Data to use:
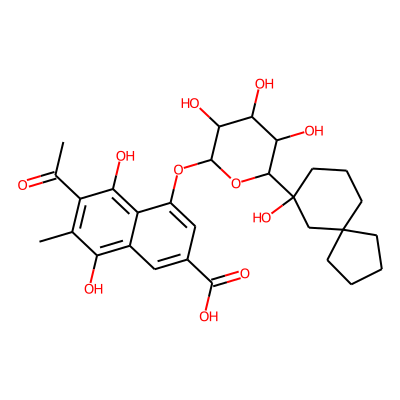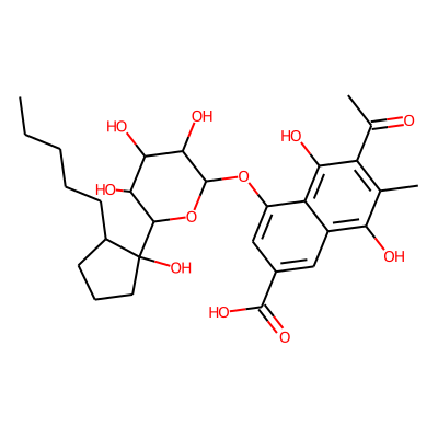 CC(=O)c1c(C)c(O)c2cc(C(=O)O)cc(O)c2c1O| HBA: | 6 | RingCount: | 2 |
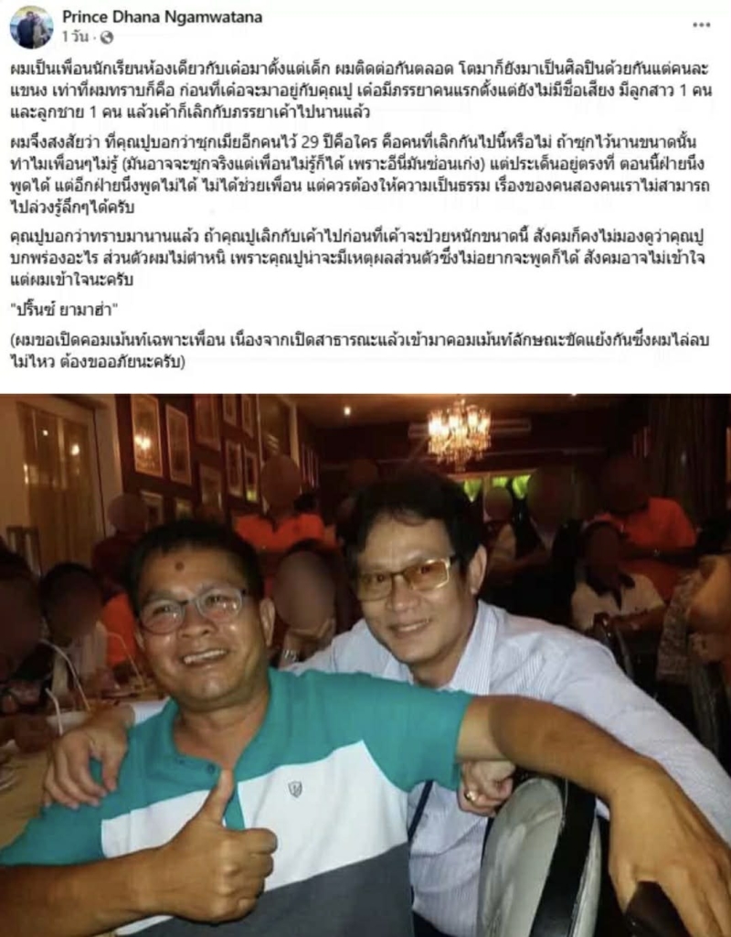 กระทั่ง ปริ๊นซ์ ยามาฮ่า เพื่อนเก่าสมัยเรียนของฝ่ายชาย ออกมาเคลื่อนไหวผ่านเฟซบุ๊ก เล่าย้อนความหลังว่า รู้จัก เด๋อ มาตั้งแต่ยังเป็นนักเรียน และติดต่อต่อเนื่องกันเสมอ พร้อมเผยข้อมูลว่า เด๋อ เคยมีครอบครัวมาก่อนเข้าวงการ มีลูกชาย และลูกสาว ก่อนจะแยกทางกับภรรยาคนแรกไปนานแล้ว
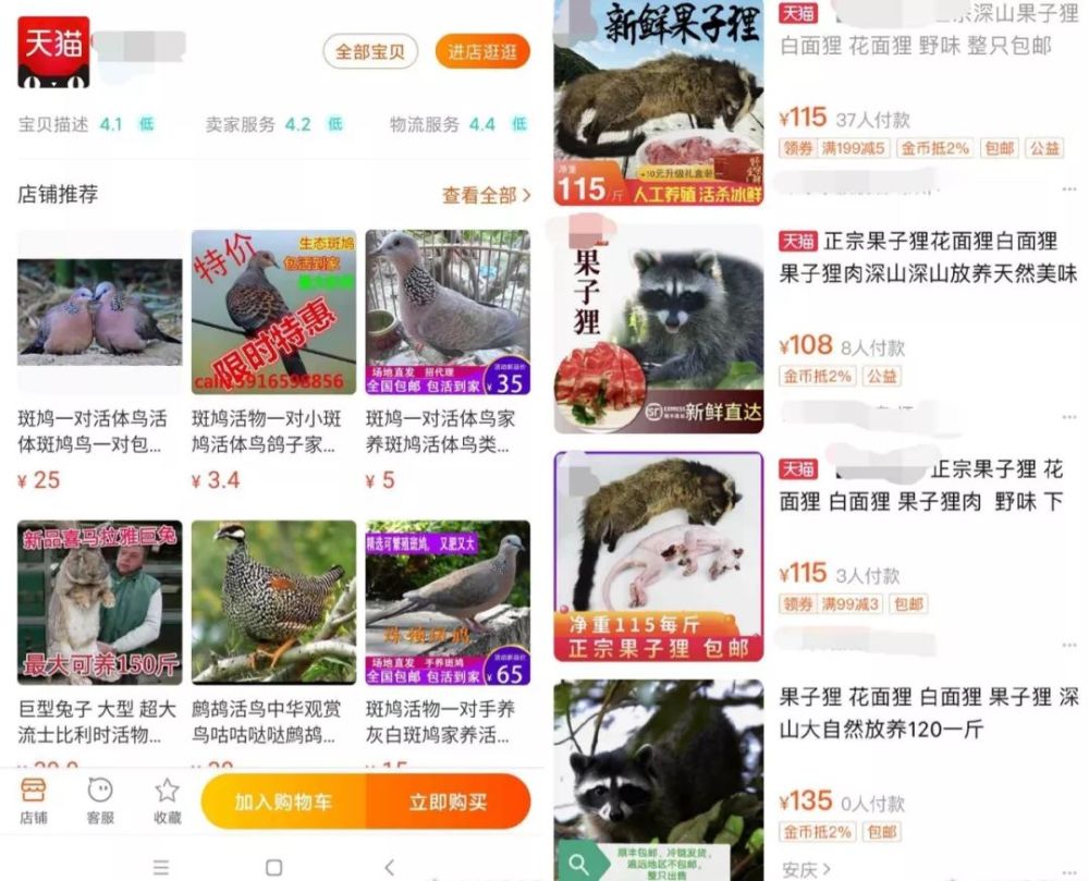 甚至在某宝上都有各种野味店,或更是肆无忌惮,连国家级保护动物也不放过。
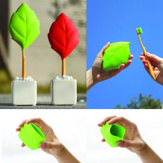This novel toothbrush and cup set features the look of a leave with a tiny twig. The cup is made of safe silicone material while the toothbrush is made of biodegradable PLA plastic. The brightly colored toothbrush and cup set also makes a great decoration for your bathroom.
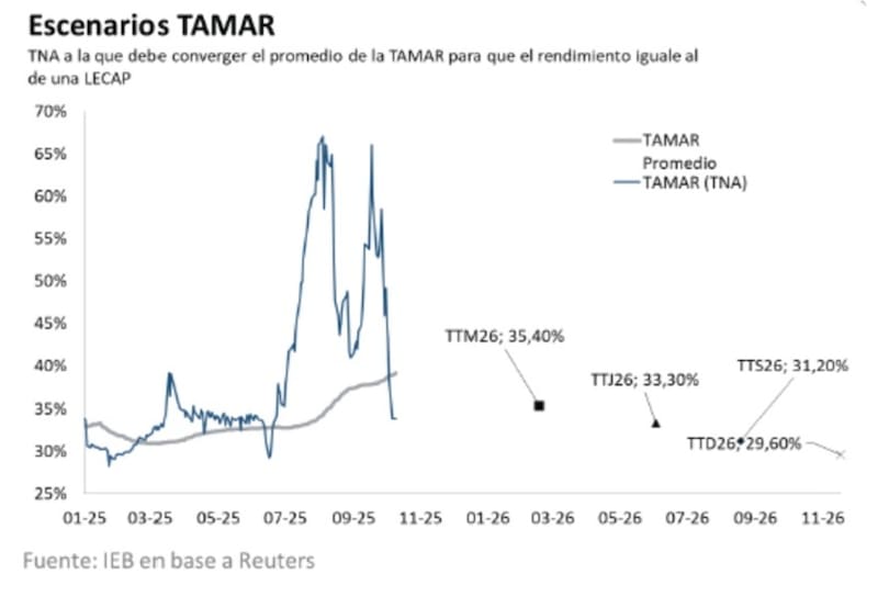 “Seguimos prefiriendo TTM26 a T13F6 debido a que la TAMAR BE permanece en torno a 35,2%; y dado que actualmente devenga una tasa de 38%, la caída de la TAMAR debería ser extremadamente fuerte”, detallaron.
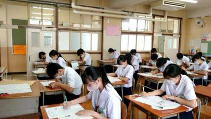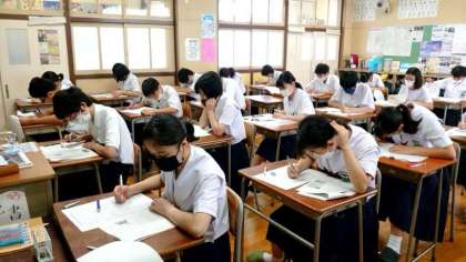 1時間目は社会のテスト。3年生の教室では皆さんが静かにペンを滑らせています。第2次世界大戦中の歴史が出題されている模様。まだまだ時間があるので、じっくりと解きましょう。
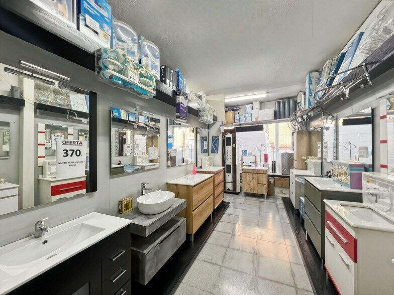 El local cuenta con una superficie total de 198 m2. La distribución actual incluye una zona de tienda o exposición de más de 100 m2, un área de caja y almacén abierto de 30 m2 y un almacén adicional de 19 m2 sin acceso al público. Dispone de tres aseos. La altura interior es de casi 3 m. La fachada mide 11 m y está dividida en dos escaparates que aportan iluminación natural.
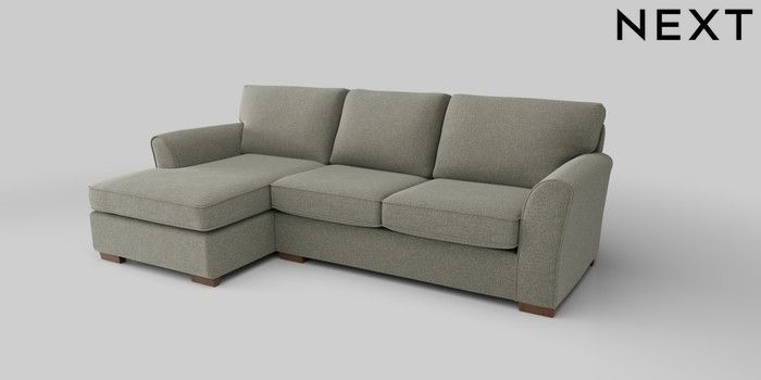 6.12.1 Buy Michigan II Medium Sofa Chaise - Left Hand Chunky Marl Light Olive Green Slim Block - Mid from the Laura Ashley online shop Click here to use our website with more accessibility support, for example screen readers
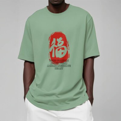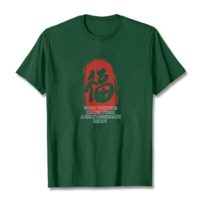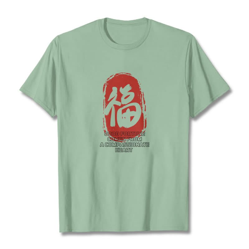 Fu Good Fortune Tee T-shirt features the bold Chinese “Fu” character symbolizing good fortune. alongside an inspiring message about compassion. Made from soft. durable cotton. it reminds the wearer that true fortune arises from a compassionate heart. This simple yet powerful design serves as a meaningful reminder to cultivate kindness and generosity. bringing positive energy into everyday life.
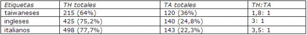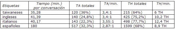 Estos datos indican que los taiwaneses, al producir 20 TA más que los ingleses, han mantenido 190 TH más. Por nuestra parte, los informantes italianos han emitido 3 TA más que los ingleses y 23 TA más que los taiwaneses, contribuyendo en la conversación con un aumento de 73 TH y 283 TH más, respectivamente.
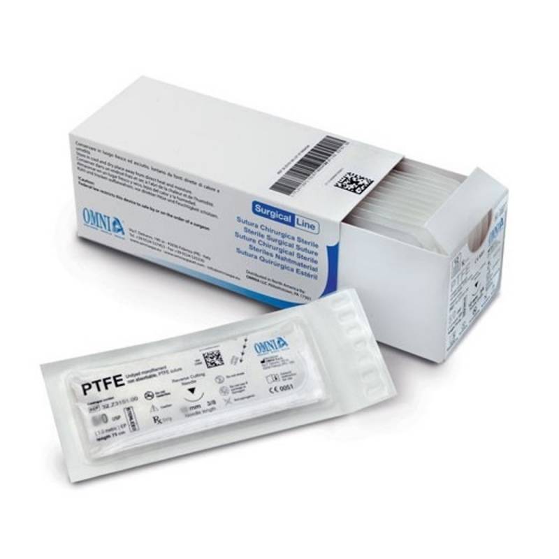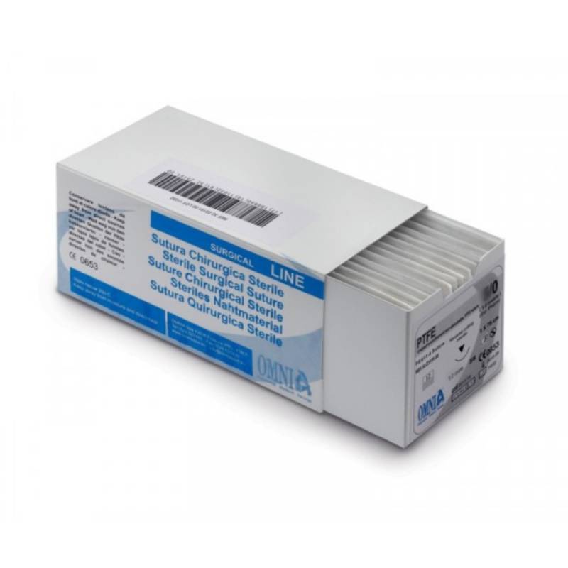 Sutura PTFE USP 3/0 Aguja 19mm 3/8 Círculo Punta Cortante, Hebra 75cm Estéril Caja 12 uds Omnia
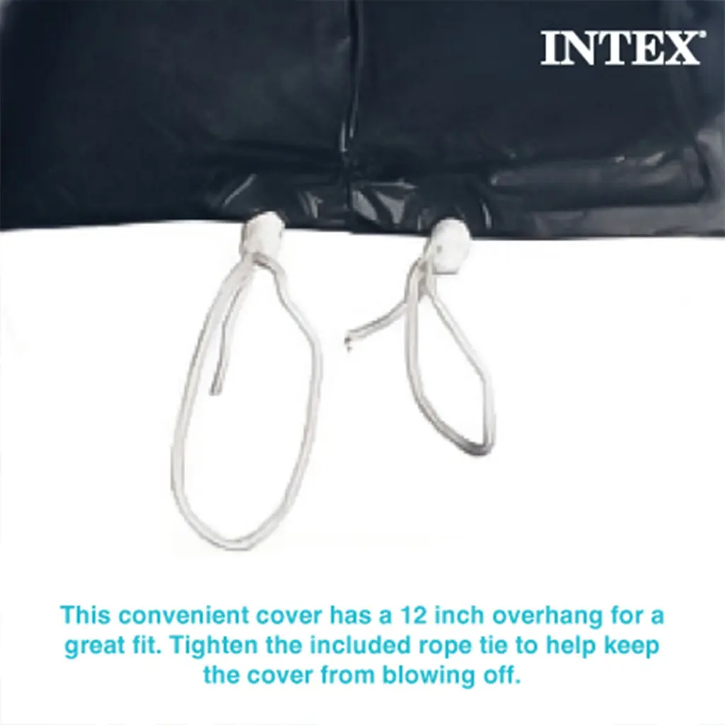 Spend more time swimming in your pool this summer and less time cleaning it with the Intex 10-Foot Easy-Set Pool Cover. This above-ground pool cover helps keep your pool free of dirt, insects, and debris when not in use. Constructed of high-quality, durable 7-gauge, UV-resistant PVC vinyl, this pool cover features drain holes to prevent water from accumulating on top. Having your pool covered also helps to prevent evaporation up to 95 percent. You can also save up to 50 percent on pool chemicals when using this cover. This cover is also ideal as a thermal blanket for heated pools. With a 12-inch overhang, you can get a secure connection to the top of the pool with the included rope. Don't spend valuable summer hours skimming leaves, bugs, and dirt out of your pool. Instead, enjoy those precious hours swimming, splashing, and relaxing with the Intex 10-Foot Easy Set Pool Cover. Fitted for a 10-foot Intex Easy Set swimming pool Retains heat to keep water at a consistent temperature Drain holes prevent water accumulation Floats on the surface of the water and 12-inch overhang and included rope tie helps it stay put Reduces water evaporation by 95 percent May save you up to 50 percent on pool chemical usage when covered Keeps leaves and debris from entering the pool which reduces maintenance time Also ideal as a thermal blanket for heated pools Easy and economical to use Reusable carry bag for easy storage Cover material: PVC Color: Blue Dimensions (L x W): 10 x 10 feet Weight: 5.14 pounds Manufacturer warranty: 30-day warranty
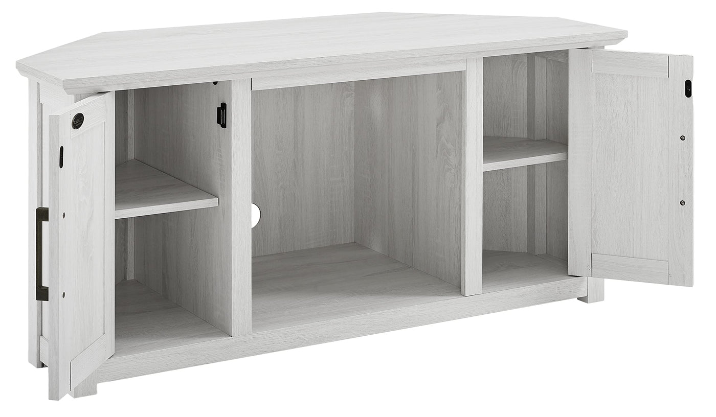 Ideal for smaller living spaces, the Camden 48” Corner TV Stand tucks neatly into any corner. Featuring two cabinets with an adjustable shelf in each, this stand is ready to corral your books, video games, or other media. The open storage in the center offers an adjustable and removable shelf with two pre-cut holes in the back for cable management. Sized to fit most TV’s up to 50 inches, the Camden 48” Corner TV Stand exudes rustic style with the look of wood-grain and substantial metal hardware.
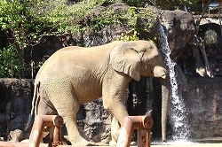 | アフリカゾウの前で記念撮影をして、ワクワクです。 |
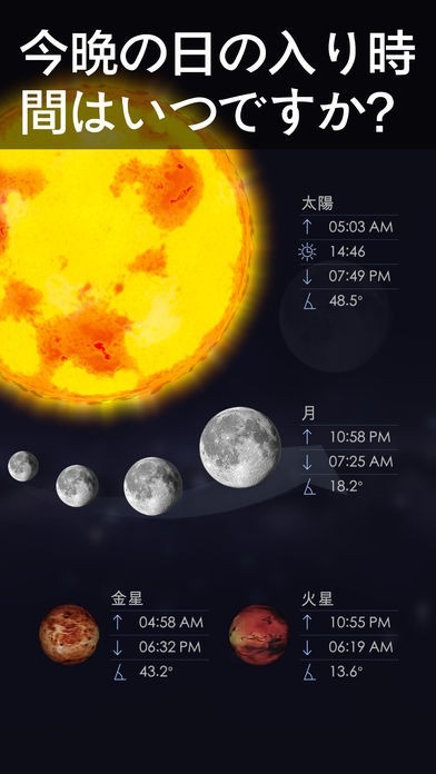 「Star Walk 2 - 空 マップ: 星や星座」は、上空の星や星座がその場でわかるアプリです。これまでにあったような星座確認のみの機能ではなく、対象となる星の説明やISS(国際宇宙ステーション)の位置まで確認できます。天体のリアルなグラフィックにも特徴があり、自身の興味以外に子どもたちの学習用としても活用可能です。また、日の出日の入りのほか、月や金星などが見える時間帯も確認できます。
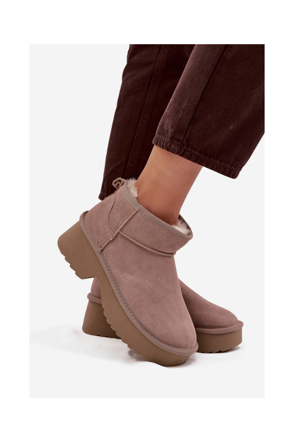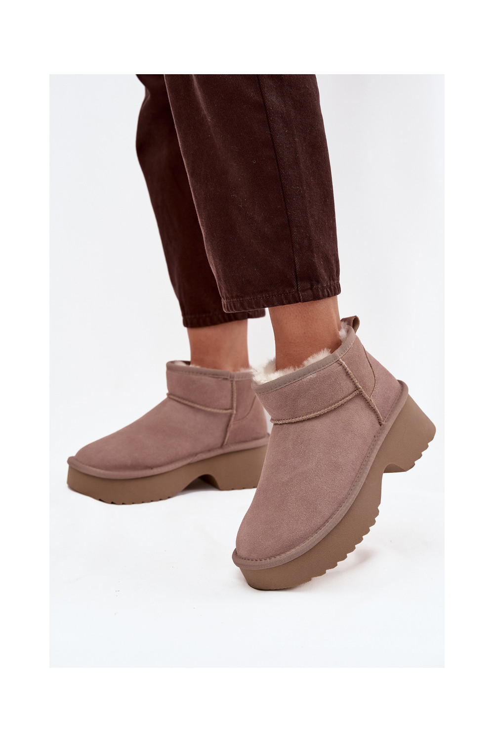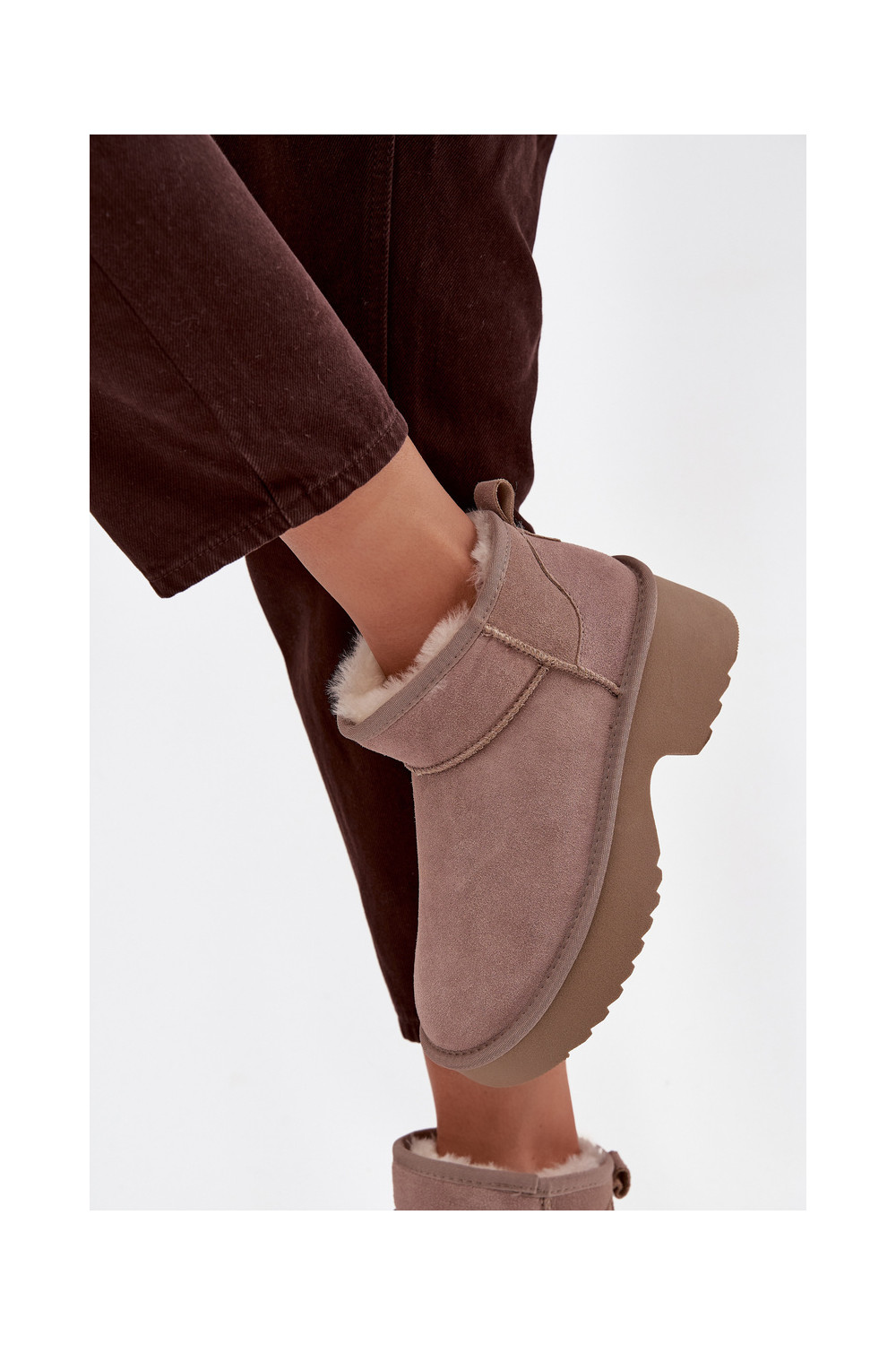 sniego batai MoteriškassuĮjungtaturalnego iš zomšosu pašiltinti su kailiuku viduje chaki spalvos Milora

Activity: In the copy you return, include exactly the lines from the one containing "Ideal for smaller" through the final line of the listing, and no pictures.

Solution to this exercise:
 Ideal for smaller living spaces, the Camden 48” Corner TV Stand tucks neatly into any corner. Featuring two cabinets with an adjustable shelf in each, this stand is ready to corral your books, video games, or other media. The open storage in the center offers an adjustable and removable shelf with two pre-cut holes in the back for cable management. Sized to fit most TV’s up to 50 inches, the Camden 48” Corner TV Stand exudes rustic style with the look of wood-grain and substantial metal hardware.
 | アフリカゾウの前で記念撮影をして、ワクワクです。 |
 「Star Walk 2 - 空 マップ: 星や星座」は、上空の星や星座がその場でわかるアプリです。これまでにあったような星座確認のみの機能ではなく、対象となる星の説明やISS(国際宇宙ステーション)の位置まで確認できます。天体のリアルなグラフィックにも特徴があり、自身の興味以外に子どもたちの学習用としても活用可能です。また、日の出日の入りのほか、月や金星などが見える時間帯も確認できます。
 sniego batai MoteriškassuĮjungtaturalnego iš zomšosu pašiltinti su kailiuku viduje chaki spalvos Milora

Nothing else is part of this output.